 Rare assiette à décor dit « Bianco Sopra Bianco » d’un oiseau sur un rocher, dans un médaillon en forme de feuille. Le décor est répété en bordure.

=-=-=-=-=

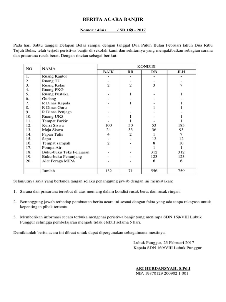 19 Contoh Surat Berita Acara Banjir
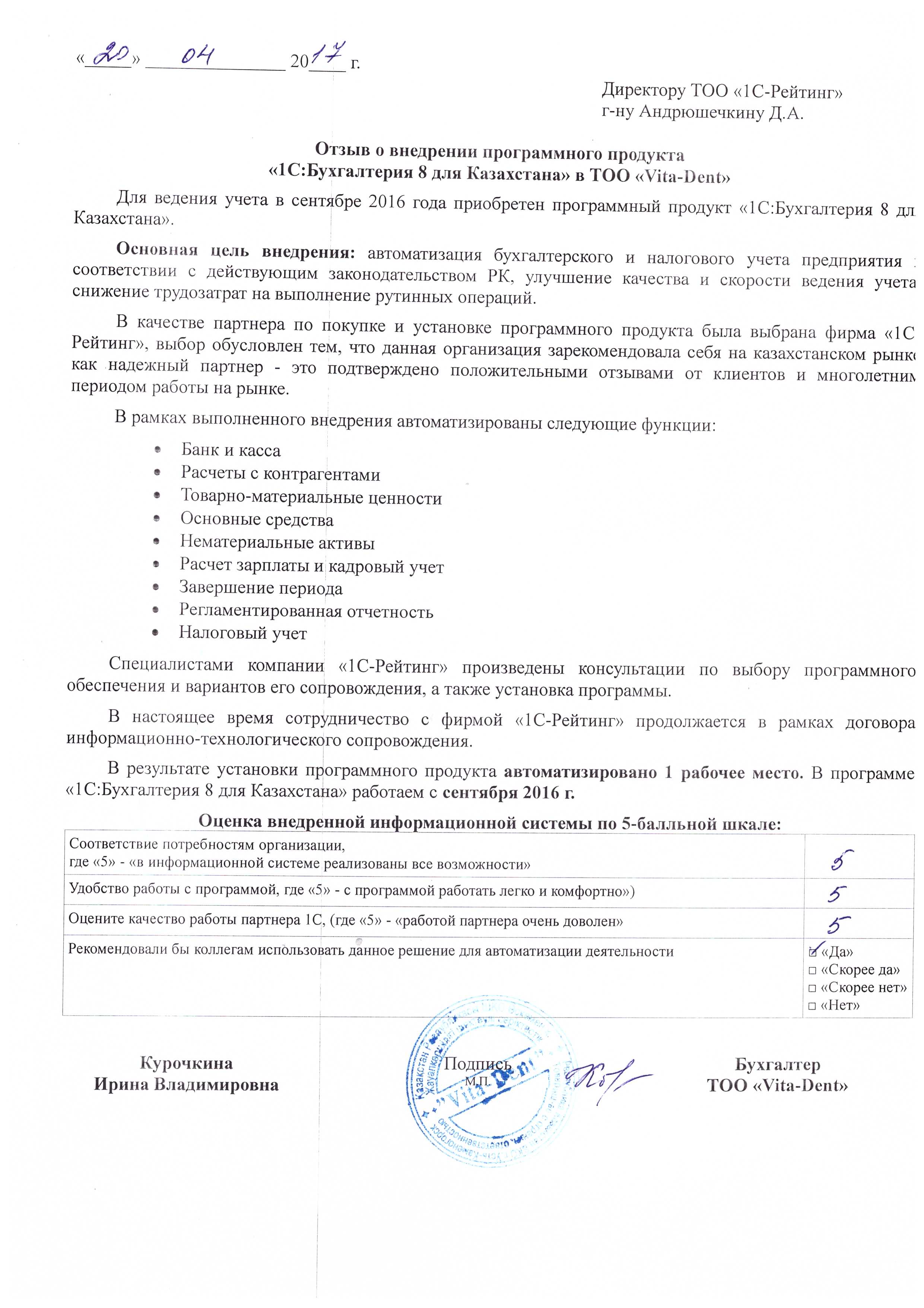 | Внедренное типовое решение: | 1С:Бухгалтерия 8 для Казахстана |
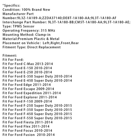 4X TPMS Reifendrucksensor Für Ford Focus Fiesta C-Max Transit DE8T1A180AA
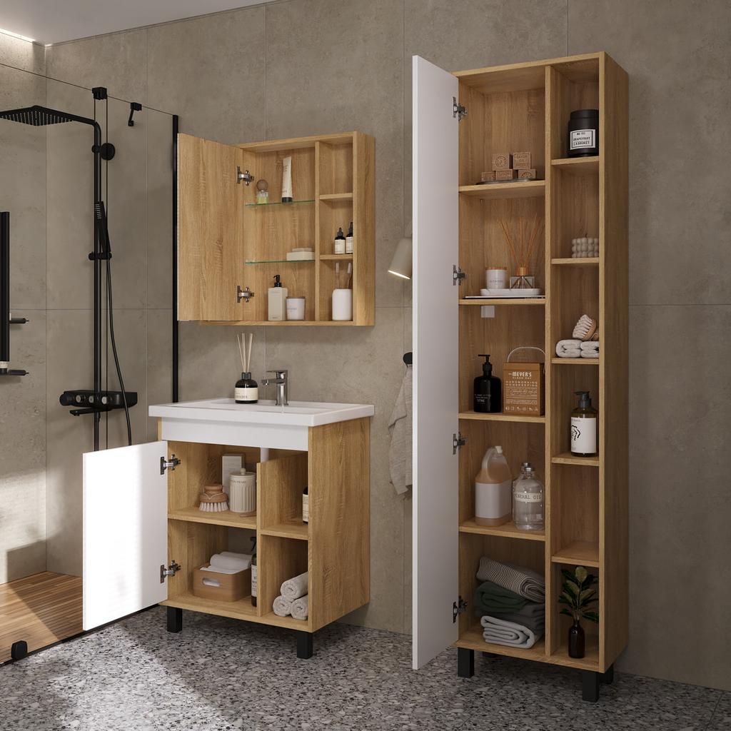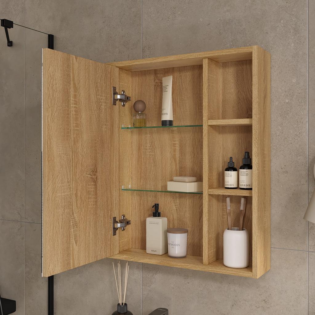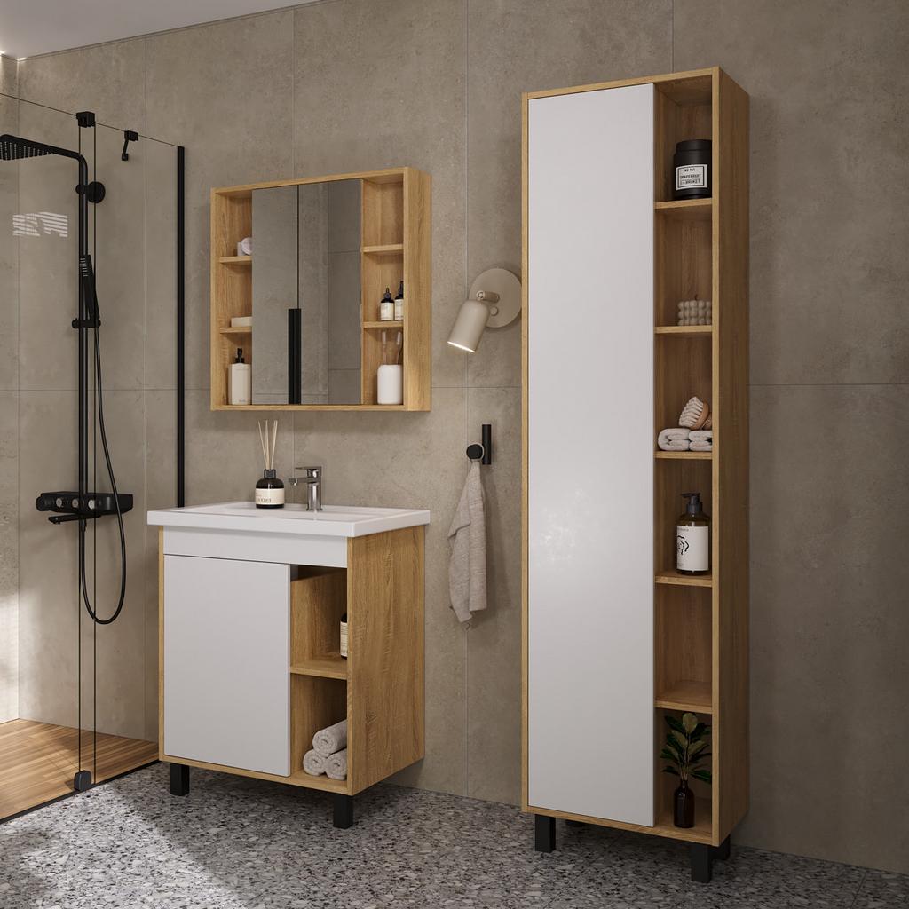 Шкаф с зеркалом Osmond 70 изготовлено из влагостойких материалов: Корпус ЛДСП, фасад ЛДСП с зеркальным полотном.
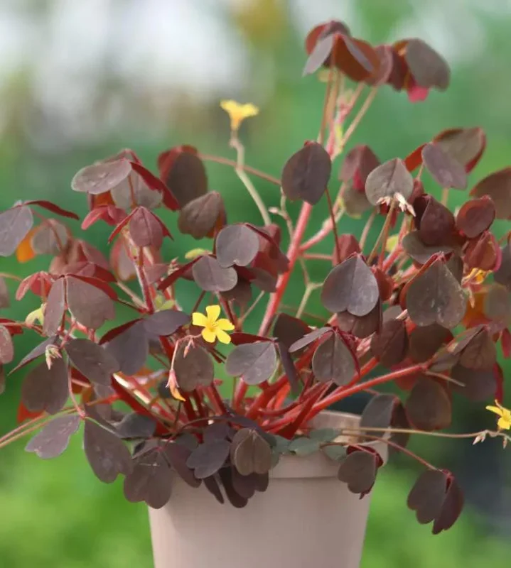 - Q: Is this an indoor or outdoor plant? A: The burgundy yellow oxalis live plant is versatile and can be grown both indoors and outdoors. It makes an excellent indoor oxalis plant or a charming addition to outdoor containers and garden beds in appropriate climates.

=-=-=-=-=

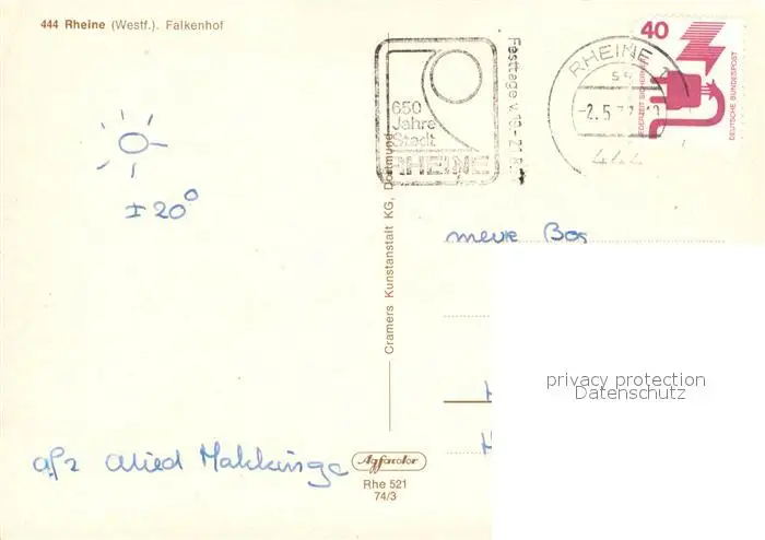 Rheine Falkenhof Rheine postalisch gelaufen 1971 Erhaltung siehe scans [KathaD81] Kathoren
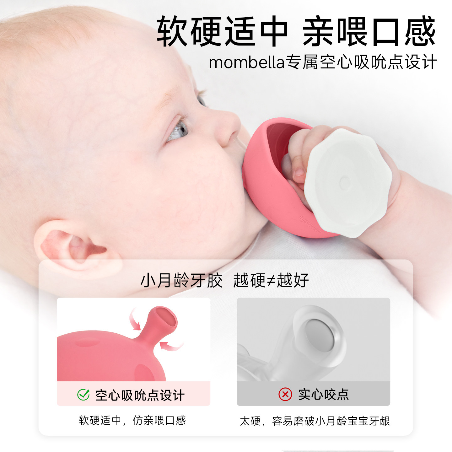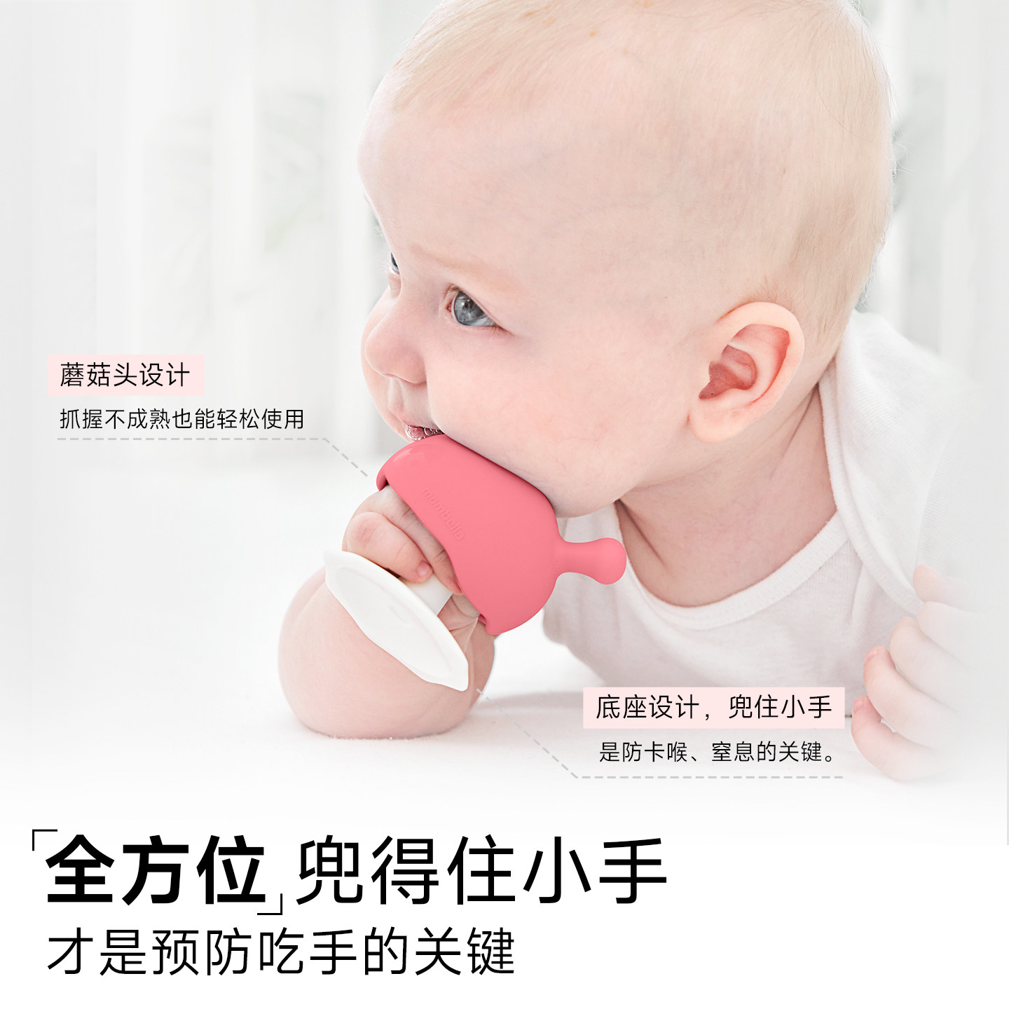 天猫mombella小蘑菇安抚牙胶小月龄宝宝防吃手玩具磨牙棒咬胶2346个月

=-=-=-=-=

**Exercise**
Range to copy from the listing above: the line containing "Шкаф с зеркалом" down to the line containing "- Q: Is this", both included. Reproduce it exactly, minus the pictures, and add nothing.

**Output for this exercise**
 Шкаф с зеркалом Osmond 70 изготовлено из влагостойких материалов: Корпус ЛДСП, фасад ЛДСП с зеркальным полотном.
 - Q: Is this an indoor or outdoor plant? A: The burgundy yellow oxalis live plant is versatile and can be grown both indoors and outdoors. It makes an excellent indoor oxalis plant or a charming addition to outdoor containers and garden beds in appropriate climates.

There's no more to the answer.